Yth. Capres dan Cawapres NKRI
Bapak Jokowi-Jusuf Kala danBapak Prabowo-Hatta
di
Tempat
Assalamu’alaikum Wr. Wb.
Teruntuk seorang bapak calon pemimpin bangsa kami, seorang bapak dengan satu kepala yang akan menjadi sosok pengayom bagi jutaan kepala di Republik tercinta kami ini. Bapak yang bahkan belum pernah kami temui, namun sungguh kami kagumi. Di pundak Bapaklah kami sandarkan asa kami atas negeri ini. Sudikah kiranya diri Bapak menjadi penyambung jerit tangis kami?
Sistem Pendidikan…
Kami tak tahu seperti apa sistem pendidikan pada zaman Bapak dahulu. Namun kami yakin Bapak tahu seperti apa sistem pendidikan pada zaman kami ini. Semuanya serba abu-abu, tak dapat kami bedakan bagaimana itu putih dan bagaimana itu hitam. Yang putih kadang terlihat hitam dan yang hitam pun memaksa kami menganggap putih. Kami para pelajar? Apa yang seharusnya kami lakukan? Belajar, bukan. Bagi kami, belajar bukan hanya tentang bagaimana kami harus menguasai Matematika atau Fisika, melainkan tentang bagaimana kami bangga bahwa kami adalah seorang pelajar, bagaimana kami harus bangga tentang para pengajar yang mengajari kami kejujuran dan cara untuk berjuang dalam riak kehidupan, bagaimana kami harus bangga tentang dimana kami berada. Namun kini, tiada kebanggaan itu dapat kami junjung walau hanya setinggi mata kaki. Tak ada yang murni, hampir semua hasil manipulasi.

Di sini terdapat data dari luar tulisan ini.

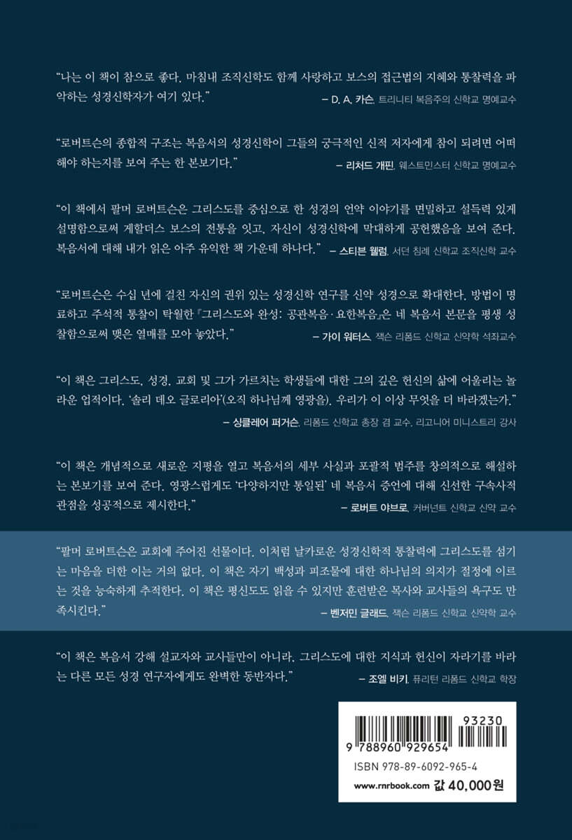 추천사 D. A. 카슨 추천사 리처드 개핀 저자 서문 감사의 글 약어표 1. 서론 A. 예수, 성경에 약속된 그리스도 B. 신약 성경신학의 본질, 방법, 특징 1. 신약 성경신학에 대한 선택적 접근법 a. 제목 또는 주제 접근법 b. 성경책 접근법 c. 구속사 접근법 2. 이 책 연구의 특징 a. 새 언약 계시의 다양한 단계를 거친 역사적 진행을 조직 원리로 되짚어 봄 b. 구약 성경의 토대로서의 역할 c. 신약 성경신학의 현대적 적용: 다양한 신약 성경 저자의 공인된 목표를 이루기 위한 노력 C. 요약 2. 준비를 위한 계시들 A. 수태고지 B. 세례 요한과 예수의 세례 C. 마귀와의 대결 3. 예수의 자기 증언 A. 자기 자신에 대한 구약 성경의 증언과 관련된 예수의 자기 증언 B. 최초로 기록된 예수의 말씀에 나타난 예수의 자기 증언 C. 자기에게 적용하거나 다른 사람들이 그렇게 부르는 것을 받아들이는 지칭을 통한 예수의 자기 증언 1. 인자 a. 하나님이 에스겔을 “인자”로 지칭하심 b. 시편 8:4-5 c. 다니엘 7:13-14 d. 시편 80:17 2. 메시아 a. 예수께서 사마리아 여인에게 “메시아” 호칭을 확언하심(요 4:19-26) b. 예수께서 베드로가 자기에게 붙이는 “메시아” 호칭을 받아들이심(마 16:13-21) c. 예수께서 이스라엘 대제사장이 자기에게 붙이는 “메시아” 호칭을 받아들이심(마 26:57-68; 참고. 막 14:53-65; 눅 22:66-71) d. 예수께서 “메시아” 호칭을 부활 후에 자기에게 적용하심(눅 24:13-27) 3. 하나님의 아들 a. 예수를 하나님의 아들로 제시하는 공관복음의 증언 (1) 예수께서 다른 사람들이 자신의 신적 아들 신분을 확언하는 것을 받아들이심 (2) 예수께서 간접적으로 자신의 유일한 아들 신분을 확언하심 (3) 예수께서 하나님을 직접 “아버지”로 부르심으로써 자신의 유일한 아들 신분을 드러내심 b. 요한복음에 나타난 예수와 그의 아버지 (1) 예수께서 아들로서의 자신의 선재성을 알고 있음을 표현하심 (2) 예수께서 자기 아버지와의 지속적 연합을 확언하심 (3) 예수께서 아버지에게서 받은 자신의 사명을 알고 있음을 나타내심 (4) 예수께서 자신이 아버지의 특별한 아들로 사랑받고 있음을 확신 있게 표현하심 (5) 예수께서 유일한 아들로서 아버지께 돌아가기를 간절히 고대하심 4. 추가 호칭들과 결론 4. 예수: 생애와 사역 A. 예수의 가르침 사역 1. 예수의 가르침의 방법 2. 예수의 가르침의 내용 B. 예수의 이적 사역 1. 창조된 우주에 대한 능력 2. 질병과 사망에 대한 능력 3. 귀신들에 대한 능력 5. 복음서에 나타난 하나님 나라의 점진적 계시 A. 왕과 천국의 임함을 위한 전주곡 B. 천국의 임함에 대한 최초의 선포 C. 메시아 왕의 사역을 통한 천국에 대한 계시의 첫 단계 1. 천국에 대한 계시의 점진적 진행으로서의 예수의 가르침 사역 a. 천국에서 “아버지”가 되시는 하나님 b. 천국에서 감당해야 할 책임 2. 천국에 대한 계시의 점진적 진행으로서의 예수의 치유 사역 3. 천국에 대한 계시의 점진적 진행으로서의 예수의 제자들의 부르심과 사명 위임 D. 제자들이 예수를 메시아로 고백할 때 나타난 왕과 나라에 대한 계시의 점진적 진행 E. 메시아 왕이 왕의 성읍 예루살렘에 입성할 때 나타난 천국에 대한 계시의 점진적 진행 F. 이스라엘의 대제사장과 로마 총독 앞에서 메시아 왕으로서의 예수에 대한 계시의 점진적 진행 1. 이스라엘의 대제사장 가야바 앞에서 2. 세속적 재판장 빌라도 앞에서 G. 십자가에 들림: 낮아짐으로 높아지신 왕 예수 H. 예수의 메시아 나라의 결정적 확증으로서의 부활과 승천 I. 결론 6. 예수: 죽음, 장사, 부활, 승천 A. 예수의 죽음 B. 예수의 장사 C. 예수의 부활 1. 예수의 부활에 대한 증언 2. 예수의 부활이 갖는 중요성 D. 예수의 승천 전환기 7. 복음서 신학자들 A. 공관복음 1. 공관복음의 통일된 증언 a. 공관복음에 나타난 복음 이야기의 포괄적 구조 (1) 예수의 사역에 대한 준비 (2) 민족들의 갈릴리에서 시작된 최초의 설교 (3) (사실상 같은 순서를 따르나 곳곳에 배치된) 치유 사역 (4) 제자들의 형성 (5) 논쟁 문제 (6) 비유를 통한 가르침 (7) 피조물에 대한 능력 (8) 자기 계시 (9) 마지막 때에 대한 가르침 (10) 예수의 생애 마지막 주에 주어진 결정적 질문들 (11) 이스라엘의 거부와 이스라엘에 대한 심판 (12) 예수의 수난 (13) 예수의 부활 (14) 요약 b. 세 공관복음에서 다 확인되는 고전적 진술들 (1) 예수의 세례에서 (2) 레위의 부르심에서 (3) “인자” 진술에서 (4) 제자의 조건 선포에서 (5) 이스라엘의 거부에 대한 예수의 비유에서 (6) 네 번의 비판적 질문에 대한 예수의 답변에서 (7) 마지막 대화에서 c. 추가 고전적 진술들 d. 분석 2. 마가복음: 특징적 증언 a. 마가복음을 베드로와 연관시키는 최초 전승들 b. 마가복음을 베드로와 연관시키는 마가복음 본문들 c. 마가복음의 주요 공헌 (1) 예수의 생애와 사역의 주요 개요 (2) 큰 무리에 에워싸임과 한적한 곳을 찾으심의 교차 (3) 마가가 예수께서 수시로 침묵을 명하는 것을 기록함 (4) 마가복음에 나타난 생생한 어휘와 상세한 세부 묘사 (5) 마가복음에 나타난 구약 성경의 결정적 역할 d. 마가복음의 특징적 복음 증언에 대한 결론 3. 마태복음: 특징적 증언 a. 마태복음의 특유한 소개 내용 (1)

UN digadaikan dengan rupiah, nilai sekolah bukan lagi tentang sebuah jerih payah, melainkan hanya hasil sulapan dalam hitungan menit. Kami tahu para sosok yang kami anggap lentera dalam kebutaan kami akan dunia itu pun takut, namun bagi mereka ketakutan akan adzab Tuhan itu pun tiada harganya dibanding kehancuran masa depan kami. Bagi mereka, kami adalah putra-putri yang harus mereka jaga, putra-putri yang tetap harus mereka pertanggungjawabkan nasibnya. Karena di pundak belia inilah mereka sandarkan harapan agar tak lagi ada generasi yang dirundung ketakutan seperti mereka. Dan kami? Hak apa yang kami miliki sebagai seseorang yang mereka jadikan alasan untuk melakukan suatu kebohongan. Kebohongan yang secara tidak langsung kami harapkan, kebohongan yang secara tidak langsung mengirim kami pada ombak masa depan, dimana kenyataannya kami belum benar-benar siap tuk bersaing. Bukankah ini artinya kami dididik untuk korupsi? Apakah bapak di sawah yang membakar punggung bongkoknya di bawah terik matahari akan marah mengetahui semua ini? Apakah ibu yang setiap hari menggadaikan paru demi memasak pengganjal perut untuk kami akan marah mengetahui semua ini? Tidak, mereka hanya mengikuti alur emosi kami. Bagi mereka, apa yang akan kami makan besok dan darimana uang saku yang akan mereka berikan pada kami jauh lebih penting daripada untuk mengetahui seperti apa kami menjalaninya.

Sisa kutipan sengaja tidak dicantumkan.